Roswell A. Parmenter (September 20, 1821 – February 1, 1904) was an American lawyer and politician from New York.

==Life==
Roswell A. Parmenter was born in Pittstown, New York, on September 20, 1821, the son of Dr. Azel Fiske Parmenter (born 1786) and Lavina (Ray) Parmenter.
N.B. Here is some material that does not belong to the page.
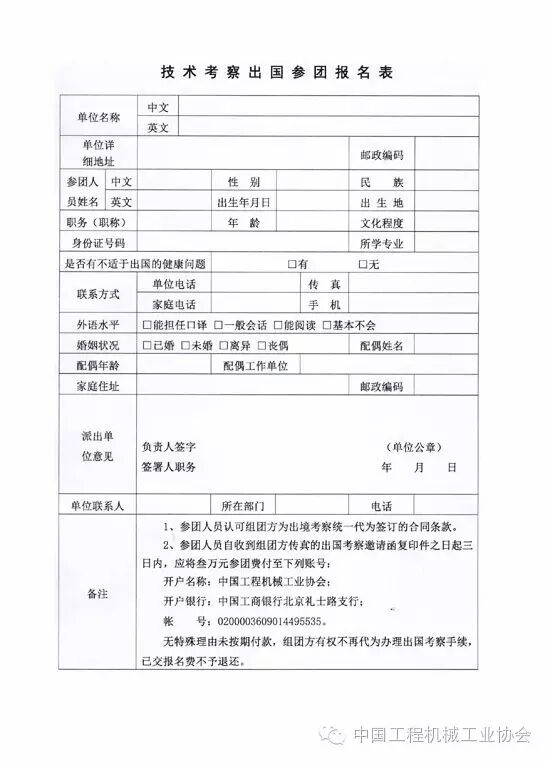 考察團(tuán)初步預(yù)計境外活動時間14天,參團(tuán)費3萬元人民幣/,其中含往返機票、境外食宿費、境外交通費、雜費等,不包括在國內(nèi)發(fā)生的費用。歡迎工程機械相關(guān)單位人員報名參加,報名費2000元,用于辦理出國手續(xù)。

He studied law, was admitted to the bar, and practiced in Troy.

Parmenter was City Attorney of Troy from 1853 to 1854, and from 1871 to 1883.

Parmenter was a member of the New York State Senate (12th D.) in 1874 and 1875.

At the New York state election, 1881, he ran on the Democratic ticket for New York Attorney General, but was defeated by Republican Leslie W. Russell.

Parmenter was Corporation Counsel of Troy from 1886 to 1890.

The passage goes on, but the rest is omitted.